Capítulo Ciento Uno: InviernoCon la avanzada del ejército del Norte hacia el sur, la ciudad de Lianxia, en las fronteras del estado de Longyao, se convirtió en un lugar particularmente destacado.
Tras la repentina muerte inesperada del antiguo gobernador provincial Tao Qiyi, el nuevo gobernador provincial, que subió al poder con gran precipitación, su posición en el templo real sur aumentó.
Sin embargo, cuando recibió esa noticia de manera inesperada, no pudo evitar temblar de miedo.
Con varios guardias personales, huyó hacia fuera de la ciudad a toda prisa.
Pero al encuentro del camino entre una carretera oficial y un sendero estrecho, fue detenido sin piedad por alguien, mostrando cierto resentimiento pero finalmente dio media vuelta y regresó a su hogar.No necesitaba apresurarse en el viaje de vuelta.
A menudo se volvía para observar las figuras serias de los caballeros a caballo.
¡Eran los famosos espías del Norte, conocidos como los Barcos Grises!Se decía que la formación de un espía Barco Gris equivalía en costos al de dos jinetes pesados en el Reino del Norte.
Solo ese gordito lo merecía.Desde que subiera de rango, Dong Zhuo continuaba portando sus armaduras, incluso durante audiencias ante la Emperatriz.
Sin embargo, esta vez, sin hacer mucho escándalo, se cambió la ropa cuando llegó a las cercanías de Lianxia y se vistió con la túnica que representaba su rango como gobernador provincial.Sostenía la mano de Tao Manwu, hija del anterior gobernador provincial Tao Qiyi, y se acercó al antiguo y nuevo cementerio.
El viejo cementerio tenía algunos años de existencia;aunque quien estaba enterrado allí no contaba con familia ni amigos, normalmente no crecía hierba en su tumba, porque la persona que estaba en el nuevo cementerio, cuando vivía, se encargaba de arrancar hierba.
Después de retirarse como general al mando del jefe de la ofensiva y asumir el cargo de gobernador provincial de Lianxia, visitaba a menudo los lugares de descanso.
Sin embargo, ahora que estaba cerca del viejo amigo, parecía tener ganas pero no podía.Dong Zhuo se agachó y dejó una jarra con alcohol en el suelo.
Primero retiró las hierbas secas del antiguo cementerio, susurrando: "Tío Wujie, no te culpo por mí.
Prometí que no entraría al descanso hasta ser primer consejero.
Hoy, este gordito ha logrado progreso, ¿verdad?¡Espera a que veas la cara del viejo!¿Acaso piensas que tus dientes amarillos son inquietantes?"Dong Zhuo no se dio la vuelta y señaló al nuevo cementerio.
"Mira Tao Qiyi.
Es un miserable que ni siquiera murió en el campo de batalla.

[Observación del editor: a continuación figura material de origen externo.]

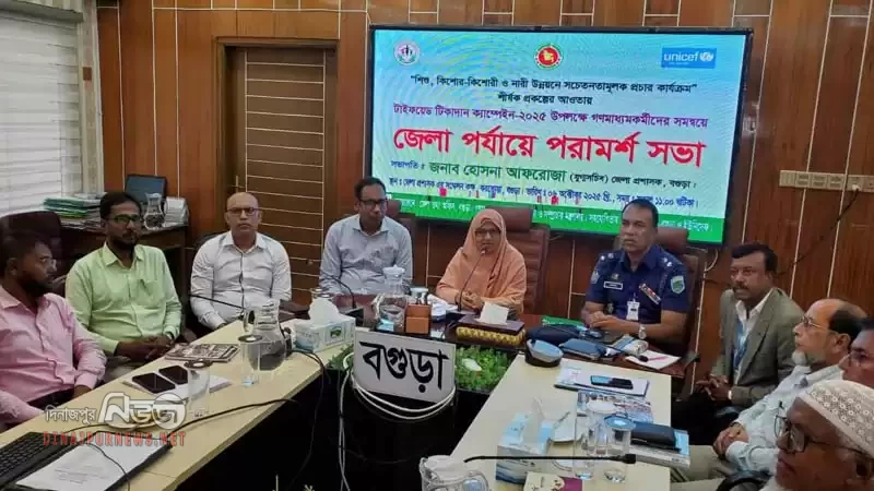 জেলা প্রশাসক হোসনা আফরোজার সভাপতিত্বে অনুষ্ঠিত সভায় উপস্থিত ছিলেন পুলিশ সুপার জেদান আল মুসা, জেলা পরিষদের প্রধান নির্বাহী কর্মকর্তা গাজী শাহনেওয়াজ, অতিরিক্ত জেলা প্রশাসক মেজবাউল করিম, সিভিল সার্জন ডা. খুরশিদ আলম, সিনিয়র তথ্য কর্মকর্তা মাহফুজার রহমান, বগুড়া প্রেসক্লাব সভাপতি রেজাউল হাসান রানু, সাংবাদিক ইউনিয়নের সভাপতি গণেশ দাস ও সাধারণ সম্পাদক এসএম আবু সাঈদসহ ইউনিসেফ প্রতিনিধি শহিদুল হাসান।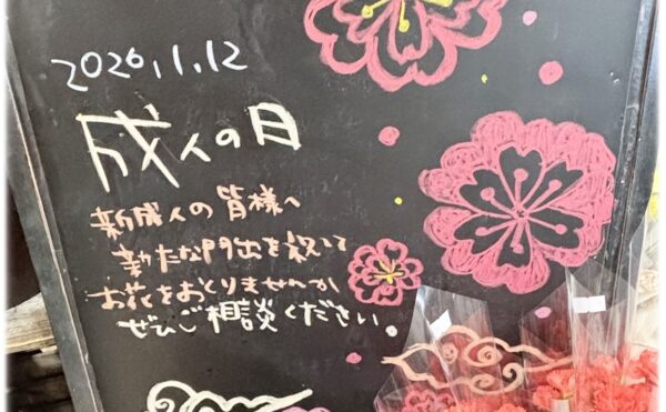 NEW 2026年1月10日総合アル・プラザ醍醐専門店 フラワーショップKAZ(カズ)1階|1月12日は成人の日|お祝いの花束・アレンジメント承ります1月12日は成人の日。成人式のお祝いに花束・アレンジメントのご注文を承ります。色やご予算のご相談もお気軽にどうぞ。ラストオーダーは19:30まで。

Esto es escapismo, ¿no?¿Cómo puedes dormir conmigo como vecino?"Dong Zhuo volvió la cabeza y gritó hacia el nuevo cementerio: "¡Tao Qiyi!¡Te lo dije hace tiempo!Si no me crees, ahora te lo vuelvo a decir.
Soy un gran mentiroso del gobierno central y debo decir que soy un mal bocazas.

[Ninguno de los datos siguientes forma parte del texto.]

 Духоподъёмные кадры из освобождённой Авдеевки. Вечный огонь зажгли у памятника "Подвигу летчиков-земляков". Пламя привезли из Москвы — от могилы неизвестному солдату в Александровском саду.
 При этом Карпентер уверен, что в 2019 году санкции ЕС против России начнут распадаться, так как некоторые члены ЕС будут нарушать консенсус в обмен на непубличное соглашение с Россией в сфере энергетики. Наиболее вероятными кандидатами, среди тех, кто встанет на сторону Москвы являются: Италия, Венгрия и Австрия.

¿Qué más puedes hacer?¡Maldito sea!¡Si logro un rango mayor que la jefatura de ofensiva este invierno, me enterré en este lugar mismo!"Dong Zhuo se enderezó y dijo: "Señorita Manwu, he traído esta jarra llena de tierra.
Cuando lleguemos a la frontera sur, traeré una llena de ese suelo para que veas con tus propios ojos, ¿de acuerdo?""¡Ironizarás sobre los campos fértil del sur!"Dong Zhuo se dio la vuelta y dijo: "Señorita Manwu, te prometí un jumentito.
Pronto podrás acompañar a mi ejército de un millón a cruzar el río congelado".El caballo y el invierno entraron en el reino central.— — — Cuando la noticia se extendió por la capital, Tai'an no estalló en alborozo.
Más bien, todo el mundo guardaba silencio como si temiera susurros.La vida en la capital era difícil, pero la antigua decana de la Academia Imperial, Jin Lanting, quien había ascendido rápidamente en pocos años en la capital, había presentado una lista de diez crímenes contra el primer ministro Zhang Juling.
El primer ministro, fundador del veranoVerano del Resplandor Sabio del Reino de Daliang, era ahora su principal objetivo.La mayoría de los habitantes de la capital se preguntaban si este hombre de otro reino había perdido completamente la razón al retar al Primer Ministro.
¿No era el caso que todos querían verle caer del trono y perder el rango?Sin embargo, el primer ministro generalmente no prestaba atención a estas amenazas, y los que desafiaban su autoridad eran gente influyente de la capital con raíces profundas.